Отец Отец Анастасии Лапсуй, Тимофей Ефимович. Фото: из личного архива Анастасии Лапсуй
И моя мама, Мария Максимовна, и папа Тимофей Ефимович лечились по народной медицине ненцев, травами и ягодами, следили за питанием. Летом, когда стояли в поселке, часто гостем в нашем чуме бывал ңарка лекар — главный врач Ныдинской районной больницы Тарасов.
Провожая меня, уезжающую на учебу ли, на работу, на поиски счастья, мама уже с этого момента начинала готовиться к радости встречи. Она говорила: рыбак думает о рыбе, оленевод об оленях, наш поселковый пекарь думает о хлебе, и только матери умеют думать обо всём, и радоваться каждому моменту в жизни детей, потому, что они МАТЕРИ.

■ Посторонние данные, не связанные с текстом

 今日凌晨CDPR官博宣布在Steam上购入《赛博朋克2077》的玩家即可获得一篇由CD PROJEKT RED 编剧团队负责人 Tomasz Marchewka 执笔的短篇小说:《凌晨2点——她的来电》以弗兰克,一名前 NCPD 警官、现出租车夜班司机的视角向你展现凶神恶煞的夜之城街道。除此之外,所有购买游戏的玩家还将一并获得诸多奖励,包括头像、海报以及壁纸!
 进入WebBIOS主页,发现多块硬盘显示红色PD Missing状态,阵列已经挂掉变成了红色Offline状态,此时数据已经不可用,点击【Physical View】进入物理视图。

Мама в тысячу раз была умней, образованней меня сегодняшней, хотя считалась безграмотной. Не было ей равных в искусстве выживания в суровых условиях Заполярья. Надо было хранить в памяти местность, в которой она жила, ежедневно ходила за дровами, научилась распознавать различные растения, пользоваться некоторыми навыками иглотерапии и массажа. Она умело различала погоду по приметам, наблюдала за сменой времен года. Умела мама и ставить силки на куропаток и зайцев, строго следила за сохранностью и пригодностью чума, вырезала сложные орнаменты, шила летнюю и зимнюю одежду. Она была одним из самых эрудированных людей своего района.

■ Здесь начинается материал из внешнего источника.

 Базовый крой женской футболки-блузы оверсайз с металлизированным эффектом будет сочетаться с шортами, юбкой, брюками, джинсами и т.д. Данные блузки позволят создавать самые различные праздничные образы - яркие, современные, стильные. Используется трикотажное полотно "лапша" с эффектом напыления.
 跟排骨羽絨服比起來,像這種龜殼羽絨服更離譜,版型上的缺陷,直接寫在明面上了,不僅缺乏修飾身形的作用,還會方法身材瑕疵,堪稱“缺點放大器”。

Родители достойно пронесли долг перед семьей, уходя в мир иной их сердца были спокойны. От них нам достались олени, всего достаточно для доброй жизни они дали нам, своим детям и внукам. Первый киномеханик в Ныдинском районе — их старший сын, Владимир. Второй сын, Геннадий, первый ненец моторист-тракторист на рыболовецких станах Обской губы в зимний период. Николай, младшенький в семье, депутат нескольких созывов Ныдинского сельского совета. Дочь Елена — первый доктор исторических наук среди всех ненцев трех округов. Дочь Ирина — неоднократный лауреат художественной самодеятельности в районе и на окружных конкурсах. Конечно, и я тоже.
Низкий поклон учителям
— Анастасия Тимофеевна, вопреки суровому опыту, который вспоминают многие дети, учившиеся в школах-интернатах, вы сохранили нежность души ненецкой девочки, сквозь жизнь пронесли благодарность русским учителям. Как это удалось? Что-то помогало вам трансформировать опыт будней интерната в новую силу внутри вас?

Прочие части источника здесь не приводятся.